BUILDING CONSTRUCTION WITH RETRACTABLE ROOF PANEL
The present invention relates to a building construction having one or more retractable roof panels and relates particularly, but not solely, to a dome-shape building construction which may be used as a sports stadium.
A number of major stadia have been built, in various parts of the world, with sliding or retractable roofs, often to provide venues capable of staging international events or championships. There are self-evident attractions in being able to retract the roof of a sports or leisure facility in fine weather but still have the certainly of being able to hold the event should inclement weather prevail: this is particularly so in northern Europe, where the weather conditions are uncertain.
A retractable roof can also form part of the temperature control system, either during the day or at night, for a large, enclosed space.

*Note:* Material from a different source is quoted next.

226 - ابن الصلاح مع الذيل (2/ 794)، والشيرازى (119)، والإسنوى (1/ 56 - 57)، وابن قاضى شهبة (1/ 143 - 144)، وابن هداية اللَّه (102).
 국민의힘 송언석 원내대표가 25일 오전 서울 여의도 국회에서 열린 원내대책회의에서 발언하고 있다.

In hot weather at night, cooling is possible by opening the roof for a predetermined period.
In situations where the building is generating surplus heat, say from a large crowd, immediate cooling or ventilation can be achieved by retracting at least part of the roof.
Previous proposals have incorporated one sliding roof panel which passes over another sliding roof panel: in some such proposals, an upper sliding panel is carried, in some phases of movement, by a moving panel below. A considerable number of proposals involve an arch-shaped roof section moving over a similar moving section. Many proposals seek to achieve a completely open area over the pitch or track, but the construction is necessarily very costly. A significant disadvantage of multiple-layered moving panels is that this arrangement severely limits the construction depth that can be utilised for all the moving panels below the uppermost one.

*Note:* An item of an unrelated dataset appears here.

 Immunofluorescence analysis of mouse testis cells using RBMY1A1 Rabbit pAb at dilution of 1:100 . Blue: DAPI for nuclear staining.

In enclosed spaces, containing large numbers of people, it is a fundamental requirement to ensure safety in the event of a fire. Because many fatalities in a fire are caused by smoke, it is vital to provide for the release or removal of smoke under fire conditions. Buildings may be designed so that the roof cladding will burn through to release smoke.
Alternatively, extraction fans may be provided. A fundamental flaw in any system which requires electrical power is that the fire may destroy or interrupt the power supply: back up systems may be provided, but concerns will remain as to whether these will work when required to do so.

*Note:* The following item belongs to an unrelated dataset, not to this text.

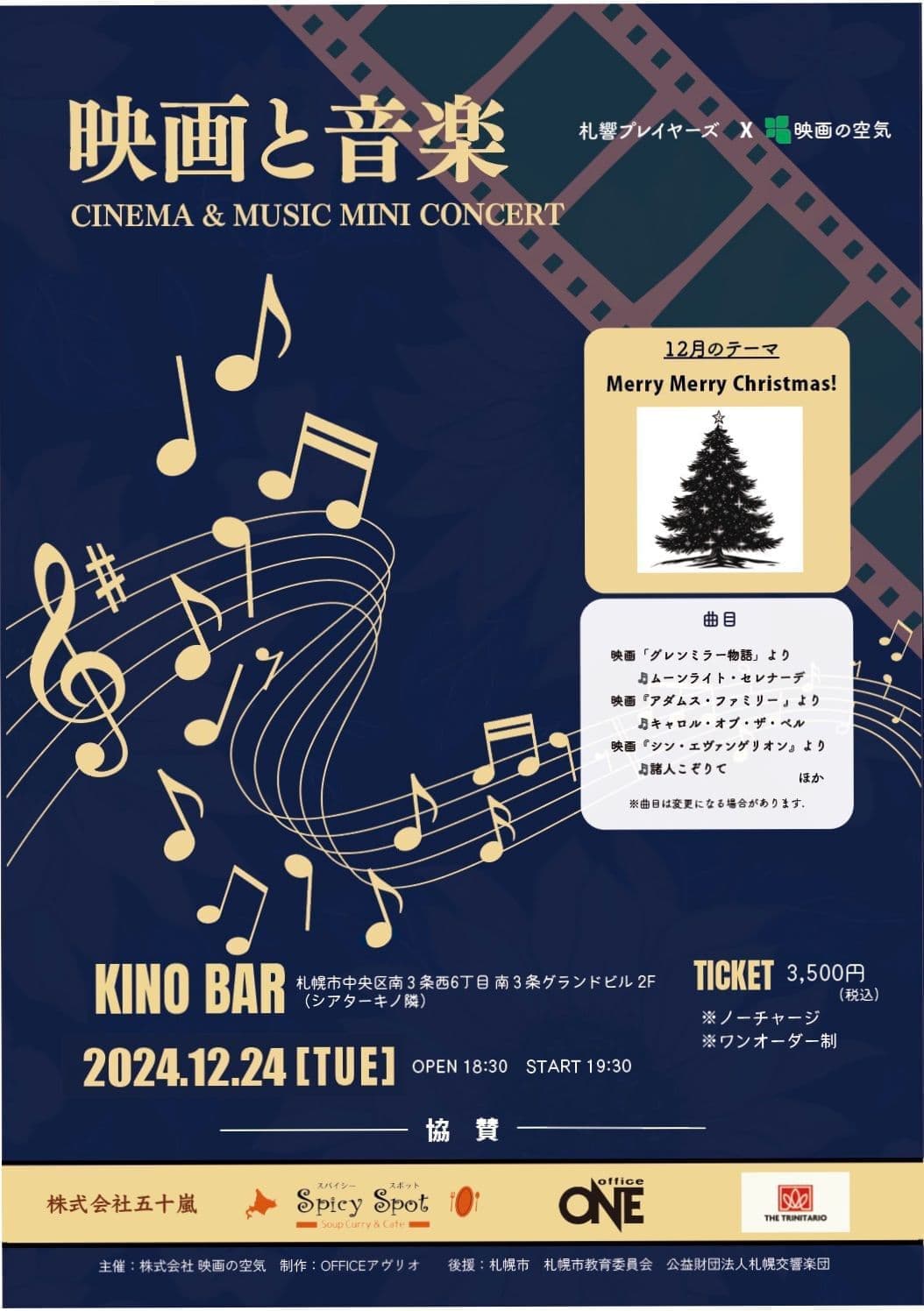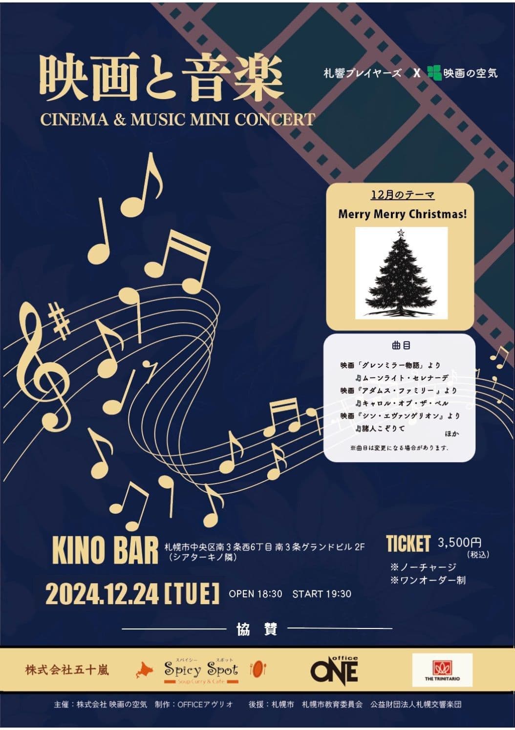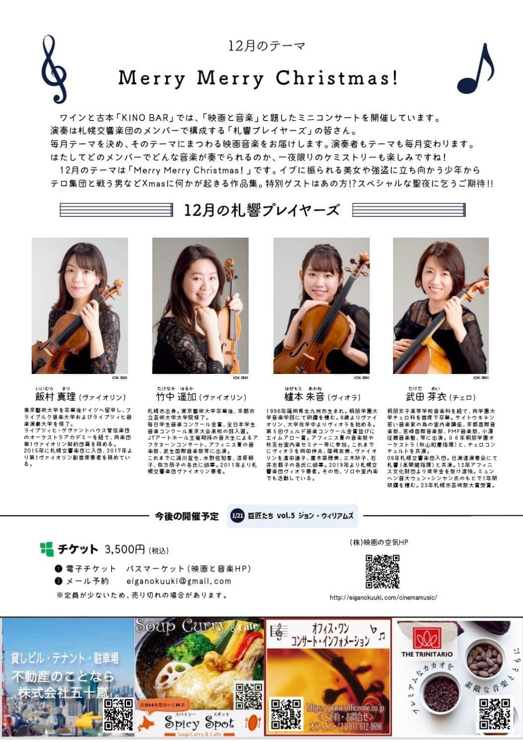 ワインと古本「KINO BAR」では、「映画と音楽」と題したミニコンサートを開催しています。演奏は札幌交響楽団のメンバーで構成する「札響プレイヤーズ」の皆さん。毎月テーマを決め、そのテーマにまつわる映画音楽をお届けします。演奏者もテーマも毎月変わります。はたしてどのメンバーでどんな音楽が奏でられるのか、一夜限りのケミストリーも楽しみですね!

In accordance with the present invention, there is provided a building construction the roof of which includes at least one sloping section, the sloping section including a three-dimensional, faceted or dome-shape panel arranged to retract by sliding down the roof.
The three-dimensional form of the retractable panel gives structural strength to it and enables the panel to be lighter in weight than a flat panel reinforced to give equivalent structural strength.
The three-dimensional panel may be faceted in the form of a pyramid or otherwise, or may be dome-shaped.
The arrangement provides the ability to open the roof panel easily, and involves much lower cost than previous proposals and is able to give a higher standard of weathertightness.
The sloping section will generally include a lower panel which is stationary, and over which the retractable panel slides, this lower panel having a generally planar upper surface.
Preferably the retractable panel is generally triangular in plan and may be made up of three triangular subpanels, for example forming a frame in the shape of a pyramid.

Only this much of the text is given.